What is the basic structure and operation principle of Yarn in Hadoop framework? 07/09 Update SLTechnology News&Howtos

What is the basic structure and operation principle of Yarn in Hadoop framework?

2025-07-09 Update From: SLTechnology News&Howtos shulou NAV: SLTechnology News&Howtos > Internet Technology >

Shulou(Shulou.com)06/01 Report--

This article will explain in detail what is the basic structure and operation principle of Yarn in the Hadoop framework. The content of the article is of high quality, so the editor will share it with you for reference. I hope you will have a certain understanding of the relevant knowledge after reading this article.

I. the basic structure of Yarn

Three core components of Hadoop: distributed file system HDFS, distributed computing framework MapReduce, distributed cluster resource scheduling framework Yarn. Yarn did not exist in the early days of Hadoop, but was born in the upgrade and development of Hadoop, a typical Master-Slave architecture.

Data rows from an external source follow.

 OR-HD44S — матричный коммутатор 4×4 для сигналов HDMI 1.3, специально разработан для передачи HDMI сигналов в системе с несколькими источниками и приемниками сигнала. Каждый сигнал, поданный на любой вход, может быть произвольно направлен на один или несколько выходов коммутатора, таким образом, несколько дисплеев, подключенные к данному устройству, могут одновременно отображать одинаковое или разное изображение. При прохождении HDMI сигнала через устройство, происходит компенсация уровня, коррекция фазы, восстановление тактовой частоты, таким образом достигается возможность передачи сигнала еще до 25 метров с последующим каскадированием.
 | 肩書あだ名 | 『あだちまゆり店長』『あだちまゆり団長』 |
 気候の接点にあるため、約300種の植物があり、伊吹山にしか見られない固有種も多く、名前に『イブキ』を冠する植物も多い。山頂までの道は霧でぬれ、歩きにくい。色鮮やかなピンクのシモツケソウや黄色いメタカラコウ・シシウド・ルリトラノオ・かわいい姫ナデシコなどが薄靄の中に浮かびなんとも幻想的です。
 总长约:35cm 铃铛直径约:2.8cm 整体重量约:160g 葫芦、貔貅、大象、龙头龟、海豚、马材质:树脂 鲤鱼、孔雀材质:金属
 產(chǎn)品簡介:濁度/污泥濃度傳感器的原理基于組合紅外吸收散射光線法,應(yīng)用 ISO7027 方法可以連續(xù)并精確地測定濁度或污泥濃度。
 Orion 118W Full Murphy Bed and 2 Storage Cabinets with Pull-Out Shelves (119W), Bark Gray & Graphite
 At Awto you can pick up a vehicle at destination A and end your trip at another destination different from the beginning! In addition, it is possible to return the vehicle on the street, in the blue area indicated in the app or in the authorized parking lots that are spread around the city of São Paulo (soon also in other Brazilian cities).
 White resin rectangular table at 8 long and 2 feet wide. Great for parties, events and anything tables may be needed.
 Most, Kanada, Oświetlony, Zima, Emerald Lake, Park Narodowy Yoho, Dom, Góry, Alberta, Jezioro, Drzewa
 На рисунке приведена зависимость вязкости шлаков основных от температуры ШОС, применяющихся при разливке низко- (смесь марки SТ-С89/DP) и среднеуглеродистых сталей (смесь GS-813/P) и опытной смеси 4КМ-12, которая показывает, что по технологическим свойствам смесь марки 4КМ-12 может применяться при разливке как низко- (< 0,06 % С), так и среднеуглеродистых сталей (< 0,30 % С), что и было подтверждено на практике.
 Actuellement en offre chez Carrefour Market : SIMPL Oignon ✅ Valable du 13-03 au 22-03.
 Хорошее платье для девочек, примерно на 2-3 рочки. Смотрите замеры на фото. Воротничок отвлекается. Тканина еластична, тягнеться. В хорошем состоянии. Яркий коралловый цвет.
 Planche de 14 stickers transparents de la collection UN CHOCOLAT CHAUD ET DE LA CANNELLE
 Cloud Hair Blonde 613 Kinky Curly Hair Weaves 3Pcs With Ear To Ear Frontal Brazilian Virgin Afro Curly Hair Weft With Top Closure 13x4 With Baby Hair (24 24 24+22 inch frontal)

Yarn includes two main processes: resource manager Resource-Manager and node manager Node-Manager.

Resource manager

Usually deployed on a separate server to handle client requests

Deal with resource allocation and scheduling management in a cluster

Node Manager

Manage resources on the current node

Execute and deal with various specific commands

Monitor node resources and report to resource manager

ApplicationMaster

Provide fault tolerance and cut data

Request resources and assign tasks to the application

Container

A concept of dynamic Resource allocation in Yarn

The container contains a certain amount of memory, CPU and other computing resources

Started and managed by the NodeManager process

II. Basic implementation process

Submit a MapReduce application to Yarn for scheduling

The RM component returns the resource submission path and ApplicationId

RM process NM process communication, allocating containers according to cluster resources

Distribute the MRAppMaster to the containers assigned above

The resources needed for running are submitted to HDFS to apply for running MRAppMaster.

RM converts the client request into a Task task by doing the above

What runs in the container is a Map or Reduce task

The task communicates with MRAppMaster to report the status during operation

After task execution, the process logs out and releases container resources

MapReduce application development follows the MapReduceApplicationMaster of Yarn specification, so it can be run on Yarn. If other computing frameworks also follow this specification, the unified scheduling and management of resources can be realized.

Resource Scheduler

The basic function of the scheduler is to schedule tasks to each node for execution according to the use of node resources and job requirements. The key factors to understand the task queue are as follows: entry and exit mode, priority, capacity, etc.

There are three main types of Hadoop job schedulers: FIFO, CapacityScheduler, and FairScheduler. The default resource scheduler is CapacityScheduler.

FIFO scheduler

FIFO is a batch scheduler in which the scheduling strategy is based on the priority of jobs, and then the jobs to be executed are selected according to the order of arrival time.

Capacity scheduler

CapacityScheduler supports multiple queues, and each queue can be configured with a certain amount of resources. Each queue adopts FIFO scheduling policy, calculates the ratio of running task books to computing resources in the queue, selects the queue with a small ratio and relatively idle, and then installs the sorting of job priority and submission time. In order to prevent jobs of the same user from monopolizing resources in the queue, the scheduler limits the amount of resources that jobs submitted by the same user can occupy.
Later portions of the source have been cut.